Work item: Copy out each line of the material exactly. Pictures do not belong in the copy.

Dataset content:
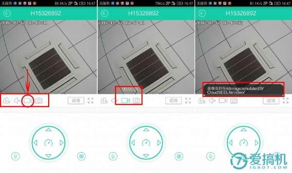 摄像机logo则是抓拍录像功能,抓拍的录像也会存储在手机中,留做备份。
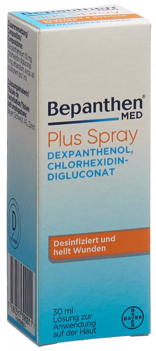 Бепантен МЕД Плюс – бесцветное дезинфицирующее и ранозаживляющее средство. Он предотвращает и подавляет инфекции в поверхностных ранах и способствует заживлению. Бепантен МЕД Плюс доступен в виде крема или спрея. Бепантен МЕД Плюс содержит активный ингредиент хлоргексидин, который борется с бактериями, присутствующими на коже или попавшими в рану через грязь. Это может предотвратить или сдержать инфицирование раны. Бепантен МЕД Плюс также содержит активный ингредиент декспантенол. Этот активный ингредиент превращается в коже в витамин пантотеновую кислоту и поддерживает образование и регенерацию клеток кожи изнутри. Формирование новой кожной ткани ускоряется, и рана заживает быстрее. Повышается также эластичность новообразованной кожной ткани. Бепантен МЕД Плюс облегчает боль благодаря своему охлаждающему эффекту. Крем легко наносится и смывается; он нежирный и нелипкий. Спрей можно наносить, не касаясь раны и почти не жаля. Используйте Бепантен МЕД Плюс при всех типах небольших ран с риском инфицирования, таких как ссадины, небольшие порезы и царапины, потрескавшаяся кожа, небольшие ожоги и язвочки; при инфицированных воспалениях кожи; для лечения воспаленных сосков во время кормления грудью; только по назначению врача при хронических ранах, таких как язвы на ногах (ulcus cruris), пролежни (пролежни) и хирургические раны.
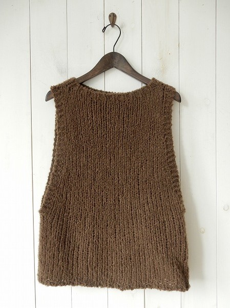 デザイン:mina perhonen「morning mist」のニットベストです。カラーはブラウンで、柔らかな肌触りのローゲージニットであしらわれております。アームホールは開きの大きい広めのデザインです。本体価格38,000円の商品です。 (掲載写真は、実商品のカラーにできるだけ近づけるよう努力はしておりますが、お使いのモニターや画面設定等によっては、色が異なって見える場合もございますので、予めご了承下さい)

Response:
 摄像机logo则是抓拍录像功能,抓拍的录像也会存储在手机中,留做备份。
 Бепантен МЕД Плюс – бесцветное дезинфицирующее и ранозаживляющее средство. Он предотвращает и подавляет инфекции в поверхностных ранах и способствует заживлению. Бепантен МЕД Плюс доступен в виде крема или спрея. Бепантен МЕД Плюс содержит активный ингредиент хлоргексидин, который борется с бактериями, присутствующими на коже или попавшими в рану через грязь. Это может предотвратить или сдержать инфицирование раны. Бепантен МЕД Плюс также содержит активный ингредиент декспантенол. Этот активный ингредиент превращается в коже в витамин пантотеновую кислоту и поддерживает образование и регенерацию клеток кожи изнутри. Формирование новой кожной ткани ускоряется, и рана заживает быстрее. Повышается также эластичность новообразованной кожной ткани. Бепантен МЕД Плюс облегчает боль благодаря своему охлаждающему эффекту. Крем легко наносится и смывается; он нежирный и нелипкий. Спрей можно наносить, не касаясь раны и почти не жаля. Используйте Бепантен МЕД Плюс при всех типах небольших ран с риском инфицирования, таких как ссадины, небольшие порезы и царапины, потрескавшаяся кожа, небольшие ожоги и язвочки; при инфицированных воспалениях кожи; для лечения воспаленных сосков во время кормления грудью; только по назначению врача при хронических ранах, таких как язвы на ногах (ulcus cruris), пролежни (пролежни) и хирургические раны.
 デザイン:mina perhonen「morning mist」のニットベストです。カラーはブラウンで、柔らかな肌触りのローゲージニットであしらわれております。アームホールは開きの大きい広めのデザインです。本体価格38,000円の商品です。 (掲載写真は、実商品のカラーにできるだけ近づけるよう努力はしておりますが、お使いのモニターや画面設定等によっては、色が異なって見える場合もございますので、予めご了承下さい)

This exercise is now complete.